# Method dispatch for tuples

#1

I have the following definitions:

``````f(x::Tuple{Any, Any}) = "Tuple{Any, Any}"
f(x::NTuple{N}) where N = "NTuple{N}"
``````

When I write `f((1,2))` the call satisfies both definitions. On Julia 0.6 the second definition is called but I do not understand why. Is this a bug or there is some explanation for this behavior?

I would assume that `MethodError` should be thrown as this call is ambiguous because:

``````julia> typeof((1,2)) <: Tuple{Any, Any}
true

julia> typeof((1,2)) <: NTuple{N} where N
true
``````

but

``````julia> Tuple{Any, Any} <: NTuple{N} where N
false

julia> (NTuple{N} where N) <: Tuple{Any, Any}
false
``````

#2

`NTuple` requires that all the inputs have the same type, so

``````julia> typeof((1,2)) <: NTuple{N} where N
true

julia> typeof((1,2.0)) <: NTuple{N} where N
false
``````

Hence it is deemed “more specific,” as the lingo goes, and hence gets priority.

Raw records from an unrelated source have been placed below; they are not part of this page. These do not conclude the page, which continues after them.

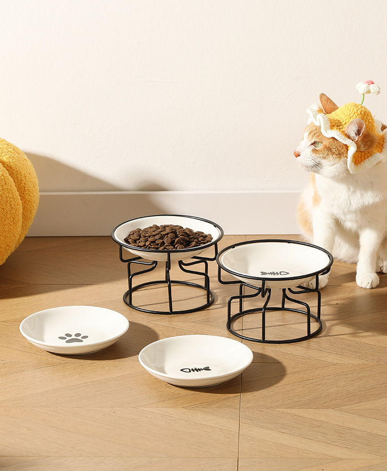 애완 동물 세라믹 그릇 북유럽 고양이 그릇 높은 다리 세라믹 고양이 먹이 그릇 간식 통조림 판 반대로 자궁 경부 스폰서 반대로 전복 고양이 먹이 분지스토어 가기
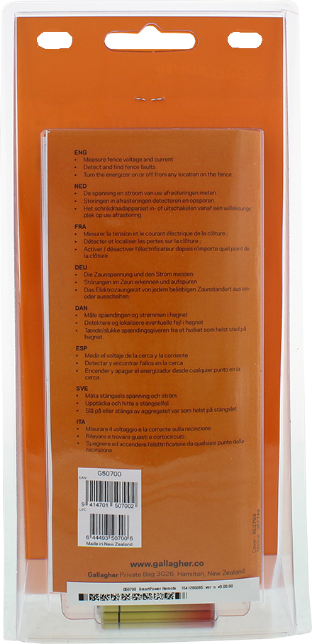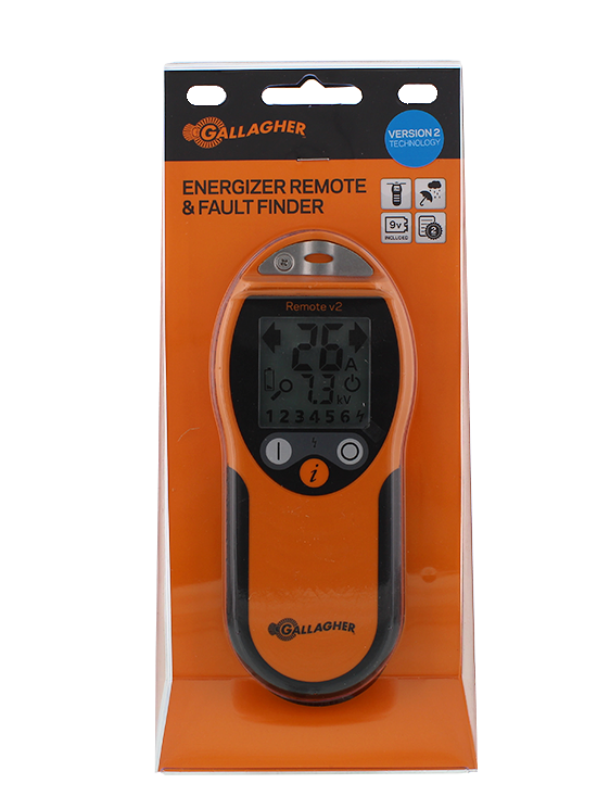 Afstandsbediening om het schrikdraadapparaat aan/uit te zetten overal langs de afrastering. Geïntegreerde ‘vind fouten’-functies leiden u naar het probleem in de afrastering. ‘Onderzoek’-functie toont het display van het schrikdraadapparaat op de afstandbediening. Werkt alleen i.c.m. M1800i. M2800i en M5000i. 0
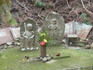 尾根を西に登り、城ヶ峯に向かう 途中に竜在峠へのパス道の案内が有る ![]() 城ヶ峰取付きには大きな案内が有った 城ヶ峰は古城跡だが誰の城とかは分からないようですが、素人でも堀切等から城だとすぐにわかる 勢いを失った熊笹の中を歩けば切掘りから登り平に削られたピークが出て、もう一度下り登れば、三角点が乗る城跡に出る ![]() 三角点の記 山名 城ヶ峰、三等三角点点名 城ヶ峯 標高 752.25、設置、明治36年7月2日 個人山 所在地 奈良県高市郡明日香村大字畑226番 先ず、竜在峠に下る 道はない ズズズと下ればその下に竜在峠が出る 掘割に旧兵隊さんの墓と道標、入り谷側上の小ピークに登る 此処に金毘羅大権現の祠跡が有ります。 ![]() ![]() 当時は大きな金毘羅宮か、次の竜在辻の石表にこんぴらの字が読み取れる 林道化された道を竜在辻に向かう 道標は冬野方向だ 竜在辻には東屋の休憩所と道標、古い石柱の道標が有る 東屋には本居宣長の旅日記の1頁と天武天皇の和歌が扁額であげられている ![]() ![]() み吉野の耳我の嶺に、時なくそ 雪は降りける 間なくそ 雨は零りける その雪の 時なきが如 その雨の 間なきが如 隈もおちず 思ひつつぞ来し その山道を と大海人皇子時代をに越えた時を思い歌ったと言われる歌をあげている また石柱には 中央にこんぴら、右たふのみね 左よしのやまが彫られている 道標から冬野に向かう、道はやや下り気味なフラット道だ 途中に鹿路への分岐道標が有る ![]() 冬野は(とうの)は綺麗な集落だが常住者はいるのか分からないが綺麗だ 古くは30軒の家が有ったとか 電柵を超えて村に入り道標前から波多神社に登る ![]() 宝来の鈴さんは若いころこの地を訪れて、村人から多武峰はこの上だと聞いたと言う お寺らしい建物の上に城跡を感じる細長いピークが有る そこが多武峰と指を指したと言う 登ってみると、一枚の山名板が有って、知る人ぞ知る多武峰ピークだ ![]() ミヤマカタバミが多く咲き人が滅多に来ないのか踏み跡は無い |
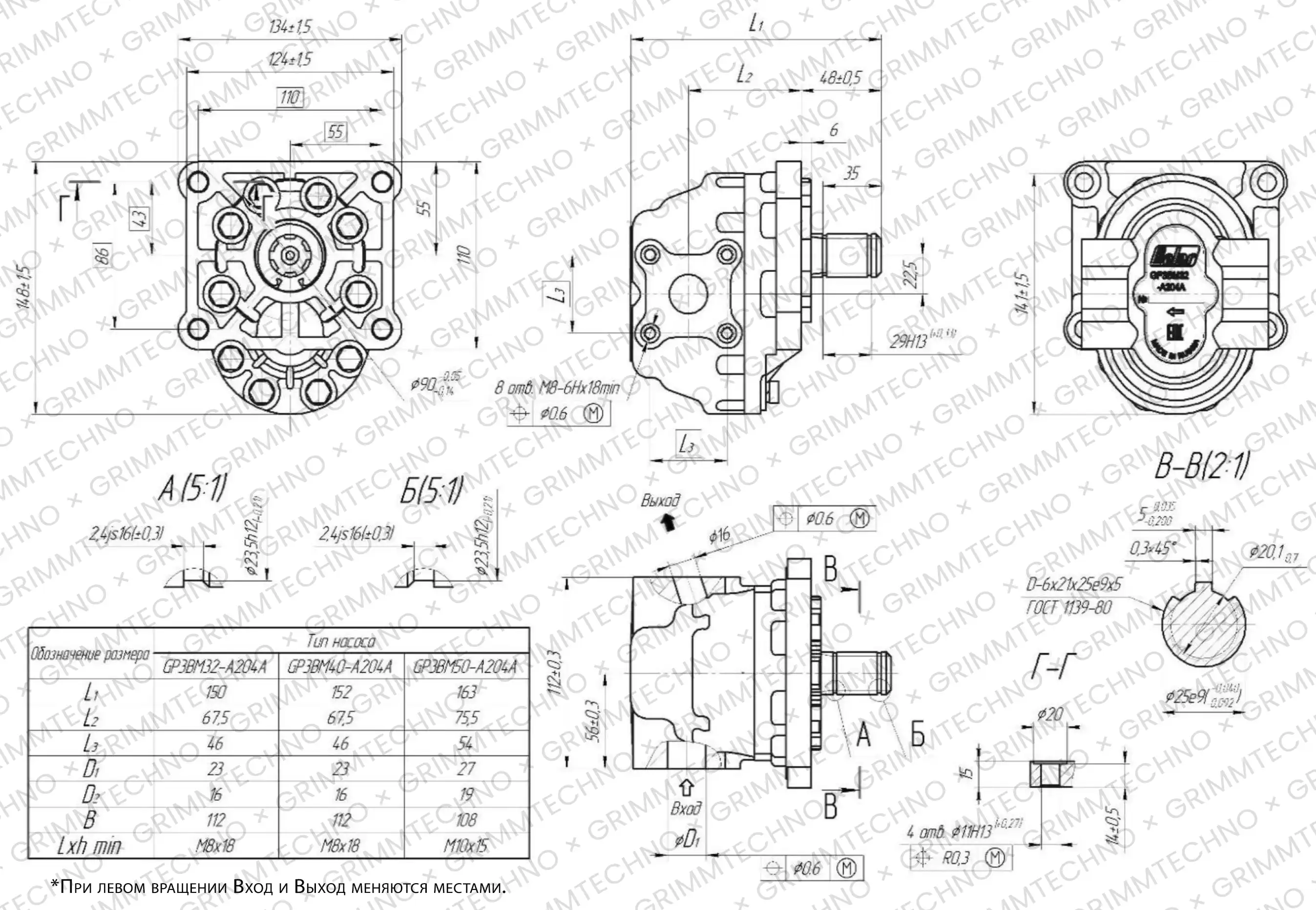 Гидронасос шестеренный НШ32М-3Л (GP3BM32L-A204A) левый

Of course this can be debated: why should the element type receive priority over the length? If you need to have manual control over this, you can always define a method for `::NTuple{2}` and have it do whichever one you want.

#3

Thank you. Now I understand that it is governed by `jl_type_morespecific`.

As a side observation: for `Array` dimension gets the priority over element type as `Array{T, 1} where T` is more specific than `Array{Int, N} where N` (so I would say it is the other way around than in `Tuple` although there is no one to one correspondence between those cases).

#4

That seems like a reasonable question. Relatedly, I filed an issue so that we don’t forget to document these rules someday.